Architectural Foundation
To spotlight the architectural qualities of its chairs and to illustrate how their lines can assimilate into various aesthetics, Mity-Lite Inc. devised an ingenious display at Boutique Design New York. The firm displayed five different chairs, each of which sat atop a box covered with black and white photographs depicting the architectural style reflected in the design of the showcased piece. For example, the company's Ashlar chair sat atop a box featuring images of Federal-style columns, and an accompanying placard explained how the stately symmetry of the Ashlar reflects that style of architecture. The simple presentation offered a clean, clear message to passing attendees.
Traffic Light
Hoping to draw attendees into its booth space to learn more about its laser-projection systems, Lightspace Ltd. crafted a magical display at the Live Design International show in Las Vegas.

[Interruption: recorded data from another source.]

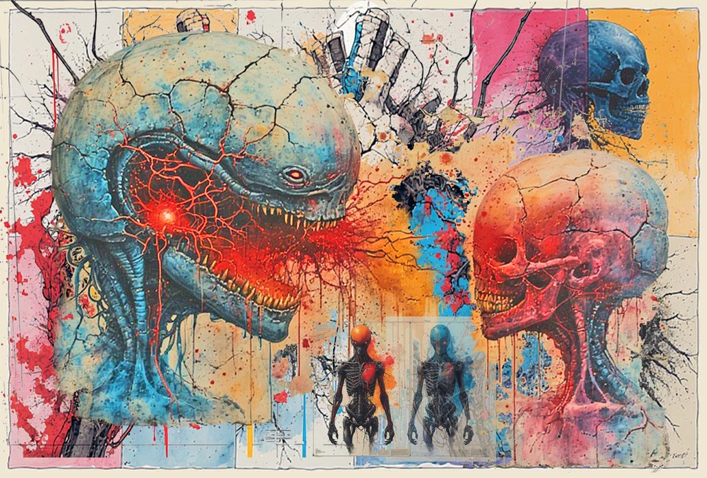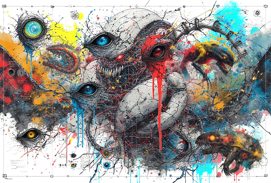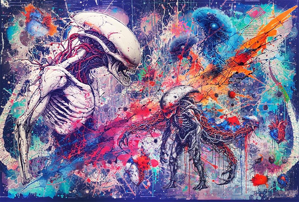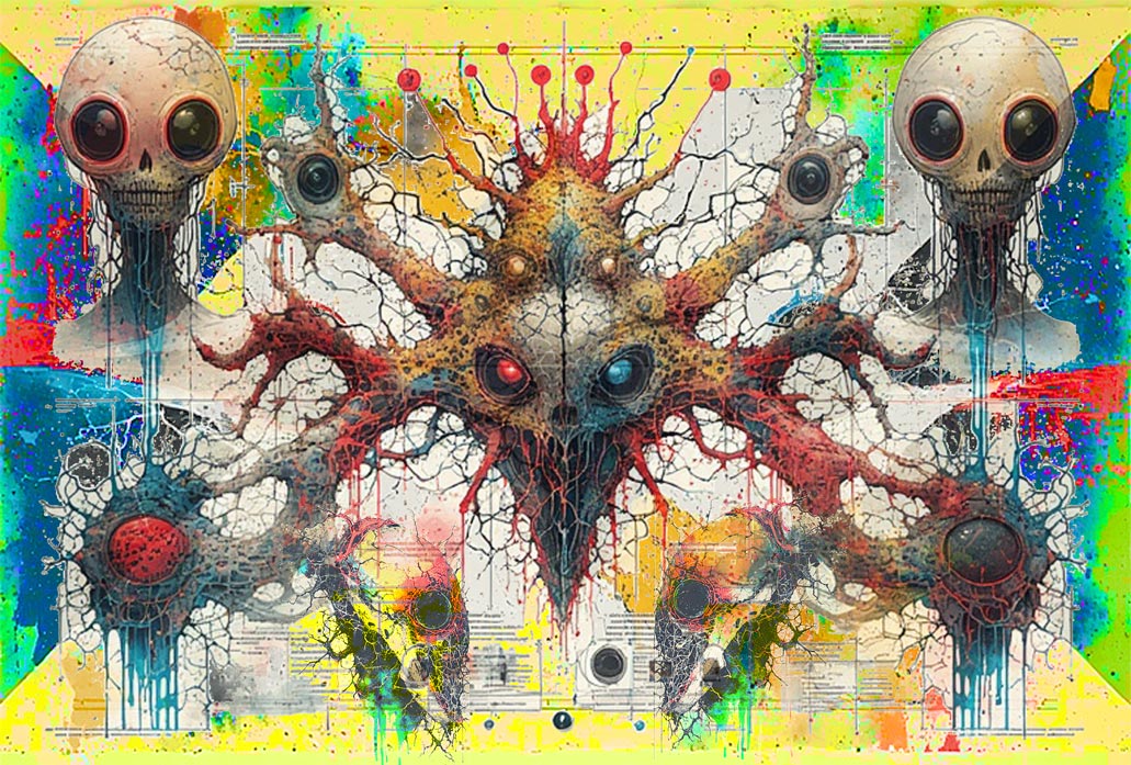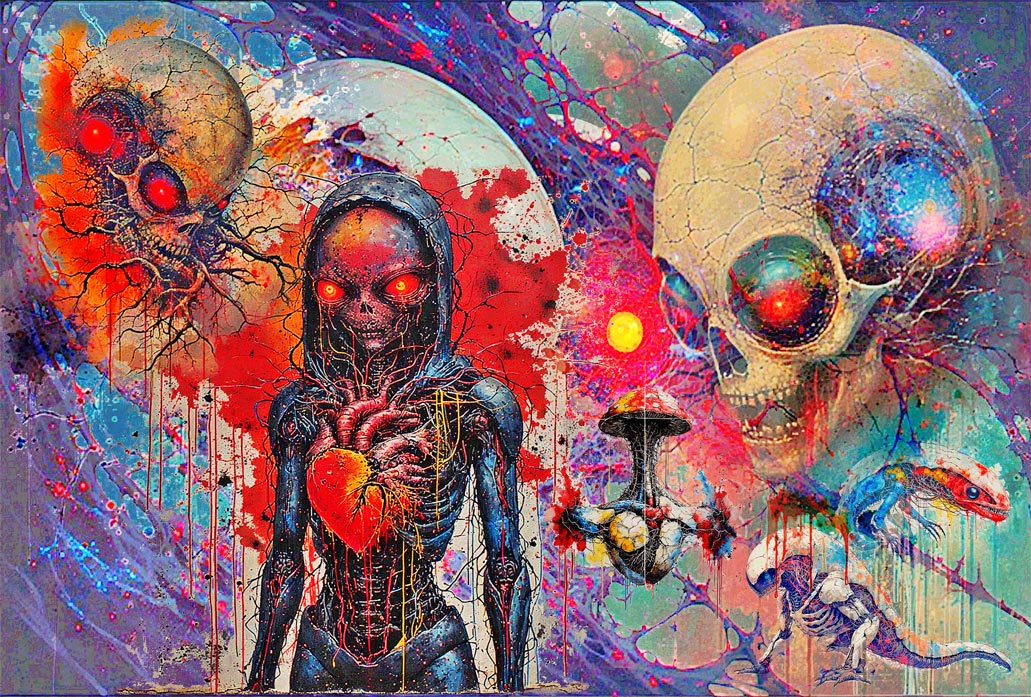 Step into the world of the Mutant Genome Mint collectible archive, a treasure trove of unique and constantly changing emotional relics. Traditional human figures are transformed into surreal Alien abstractions in this collection, creating a diverse series of visual representations that repeat throughout.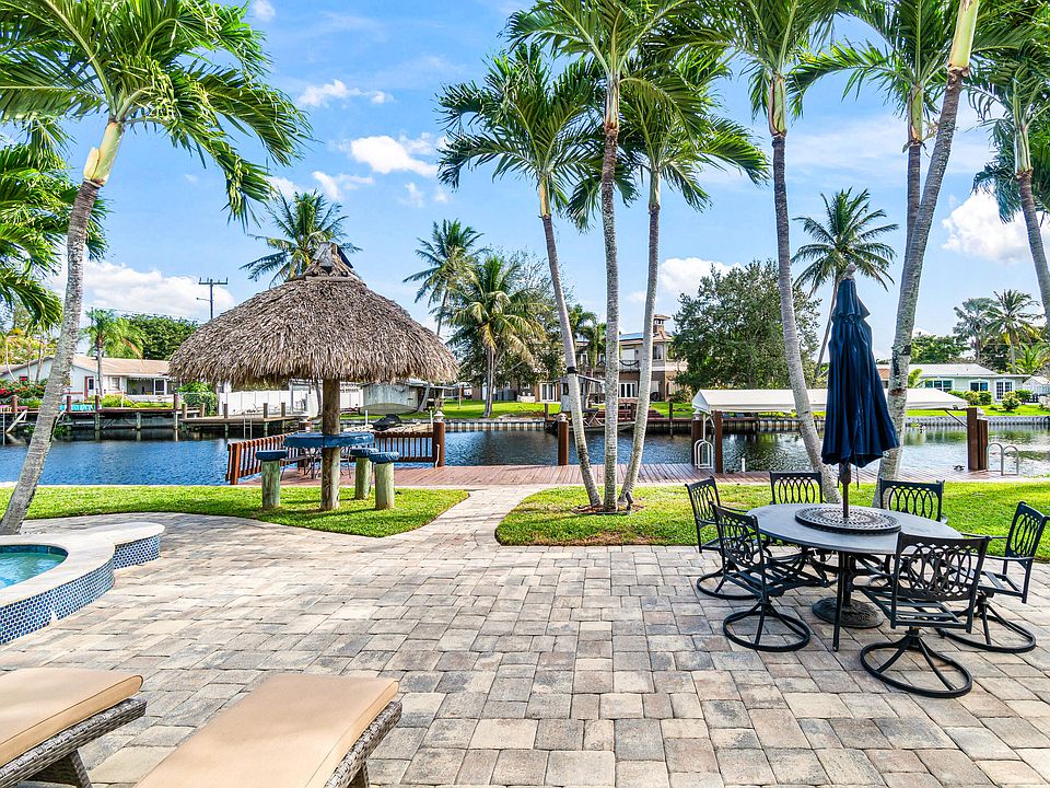 Welcome to Tropic Palms! This luxurious 2 bedroom, 2 bath house has it all: kayaks, hot tub/pool, fresh bass fishing, BBQ, and eat-in kitchen as well as a safe and family-friendly neighborhood. This home boasts porcelain tile floors throughout, quartzite countertops, upgraded kitchen and baths, generator hookup, impact windows and doors and a beautiful open floor plan. The spacious Florida room can easily be converted to a third bedroom. Plus enjoy a beautiful sunrise or sunset on your own private dock with outdoor patio and long gulf stream views. Continue to rent this home seasonally or enjoy for yourself in this family friendly home.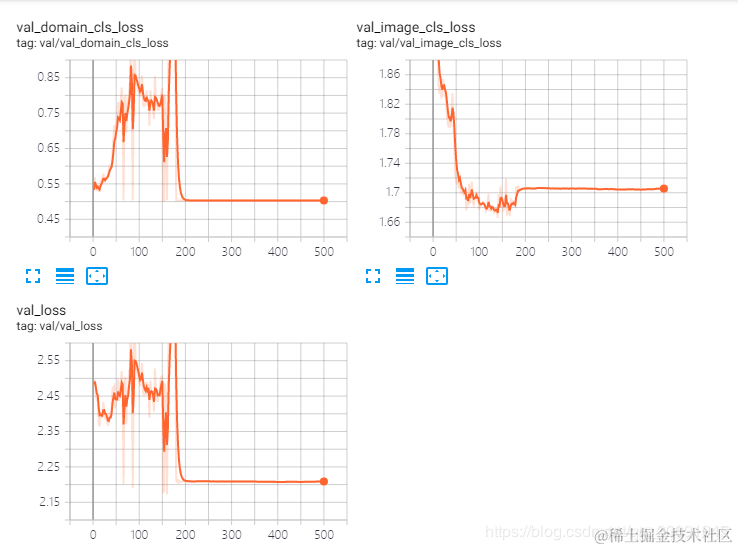 接下来是验证误差的走势图,主要包括验证域分类误差、验证图像分类误差和验证总误差。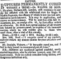 CAUTION . D _TJPTURES PERMANENTLY CURED il WITHOUT A TRUSS ! -Dr . WALTER DE R 00 S , 1 , Ely-place , _Holbern-hill , London , still continues to supply the afflicted with his celebrated cure for Single or Double Ruptures , the efficacy of which is now too well established to need comment It is easy in application , and causes no inconvenience . Will be sent free with full instructions , & c ., on receipt of 6 s . 0 d ., by Post-office orders or otherwise . Dr . De It . has a great number of old trusses left behind by persons cured , as trophies of his immense success , which he will readily give to those who need them , after a trial of this remedy . Hours . —10 till 1 ; and 4 till 8 . Sunday , 10 till 1 only . Mrs . Hill , Deal . — "I am quite cured of my rupture , and now return my sincere tlianks for your attention and care . " Mr . Daniells , Woburn . — "It has quite cured me , aud I feel in duty bound torecommendyounlVIcan , " N : B . —Sufferers are cautioned against youthful , newly started impostors , who for obvious reasons , copy this announcement . Their ( so-called ) remedies being useless , and dangerous imitations only .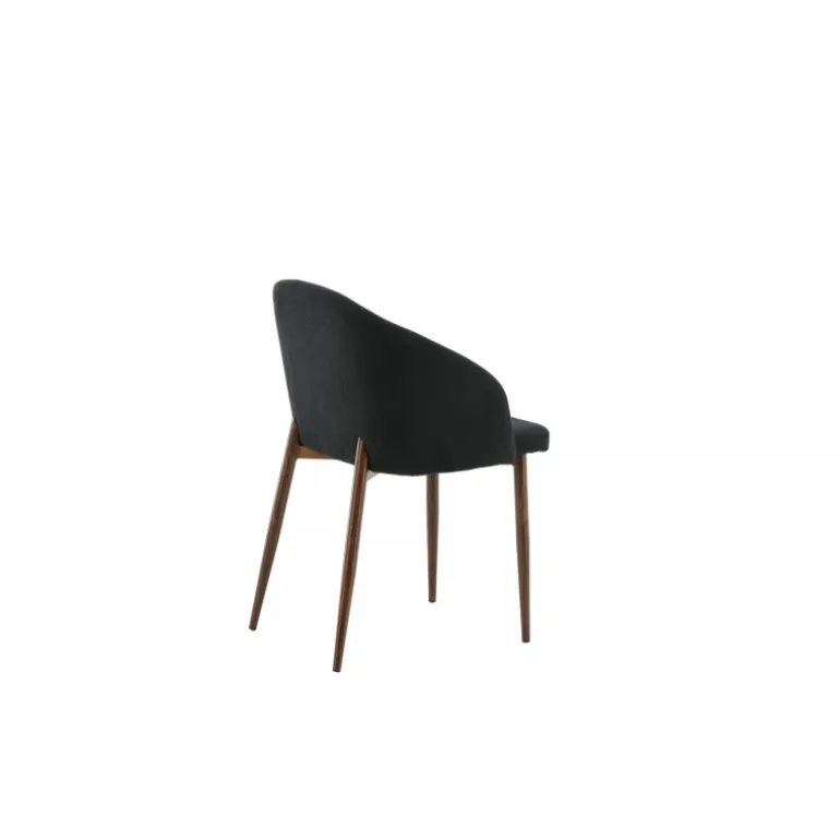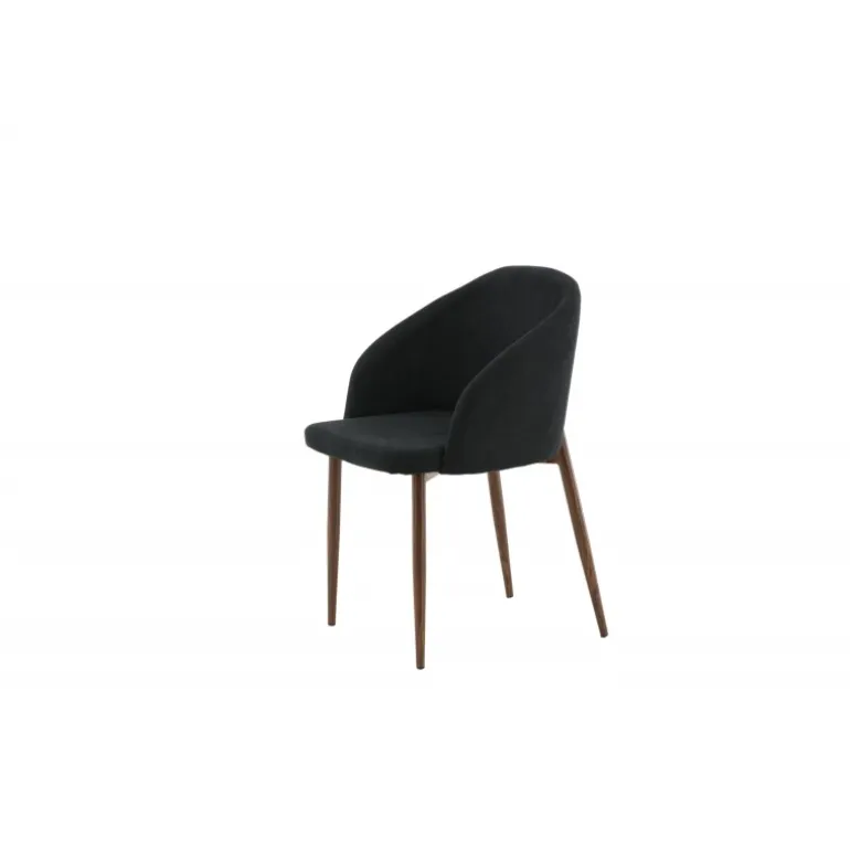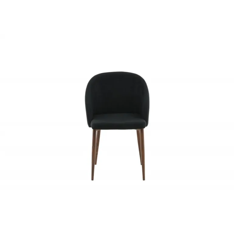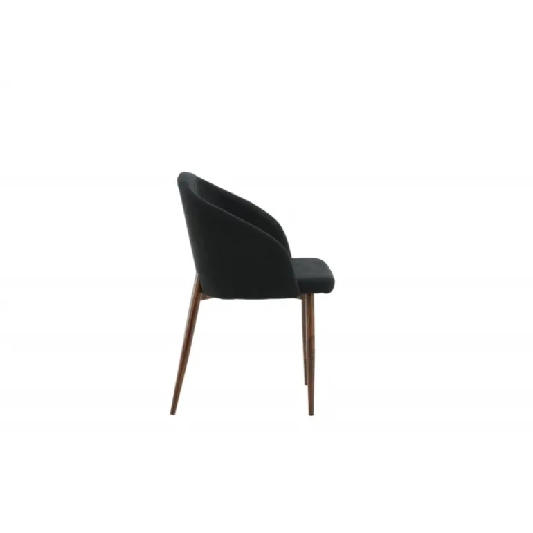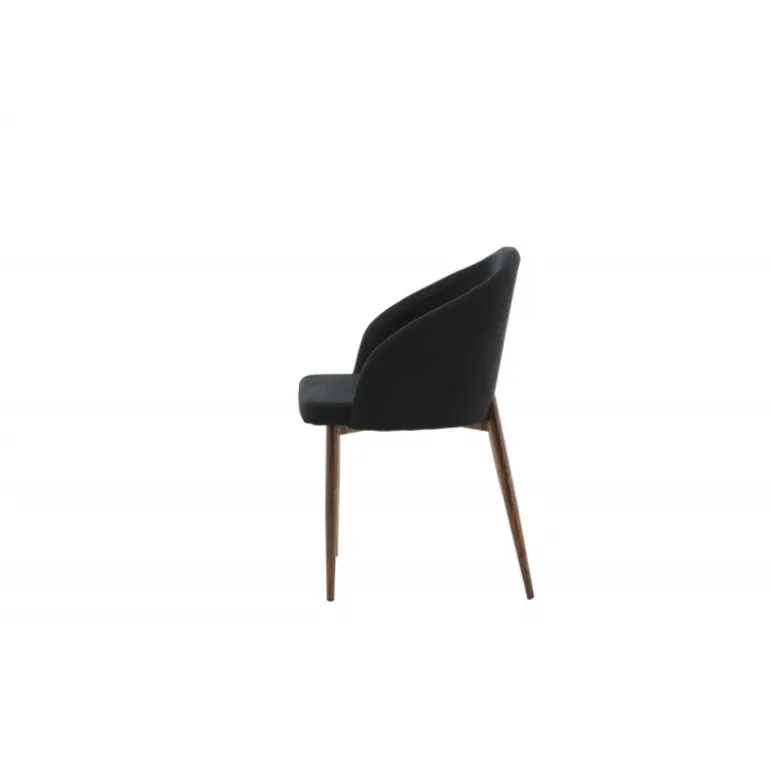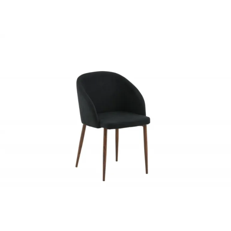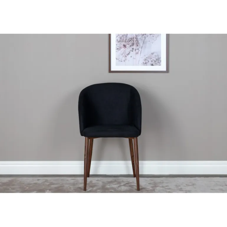 Arch spisebordsstol er en elegant og moderne stol med ben i valnød-rullet metal, der skiller sig ud med sit iøjnefaldende design! Den buede ryglæn og den flade sæde i sort polyesterstof med polstring sikrer, at du sidder komfortabelt i mange timer med familie og venner. Let samling kræves. Plejeanvisning: Brug tekstilspray for at imprægnere stoffet, før du begynder at bruge det; dette gør det også lettere at fjerne snavs og pletter i fremtiden. Fjern pletter med det samme, gnid ikke, men sug forsigtigt op med en klud.

Prior to the show, Lightspace secured the faux genie lamp used as an attention-getting prop when then-businessman Donald Trump opened the now-defunct Trump Taj Mahal in Atlantic City, NJ. Displayed on a 3-foot-tall pedestal, the roughly 3-by-3-foot lamp seemed to glow in a warm orange hue, courtesy of internal light projected through various cutouts in the lamp's exterior. Nearby signage informed passersby of the lamp's origin and explained that if they rubbed the lamp and dropped a business card inside it, they'd be entered into a drawing to win a Lightspace product.
Totally Tubular
When it comes to press kits, flat is forgettable. On the other hand, any lumpy, dimensional kit stands out – and tempts journalists with the possibility of free samples inside. Illustrator Janis Lillian took advantage of that truism at the Surtex show in New York by designing a tubular press kit. Wrapped inside of one of her signature prints, the mailer featured stickers on each end cap with the illustrator's URL and booth number. Inside the kit was a menagerie of samples, a pouch of candy, a branded keychain, and a tri-fold brochure featuring Lillian's past projects.
Body Check
Effective exhibit graphics attract attention, brand a space, and convey key messages. BackTrack Inc., which provides background checks, accomplished all three objectives with its graphics at the 2016 Society for Human Resource Management (SHRM) Annual Conference. A pair of large illuminated graphics featured different stock images of what appeared to be happy, smiling people, each holding his or her own sign bearing an unexpected admission, such as "There's a warrant out for my arrest." The juxtaposition of the troublesome messages and professional appearances helped to underscore the fact that you can't judge a book by its cover while reinforcing the need for BackTrack's services.
As the Shoes Turn
Despite the fact that shoes help us get around, most of the footwear displays at Magic, a fashion-industry trade show in Las Vegas, are completely static. Not so at the exhibit for G. H. Bass & Co., a subsidiary of AM Retail Group Inc. The shoe manufacturer affixed a colorful assortment of more than two dozen of its famed Weejuns loafers to a rotating disk atop a wooden drum, then placed the kinetic element right by the aisle. The unexpected movement and rainbow-like colors attracted passersby like shoe fanatics to a Jimmy Choo sale and left no doubt the company's wares are made for going places.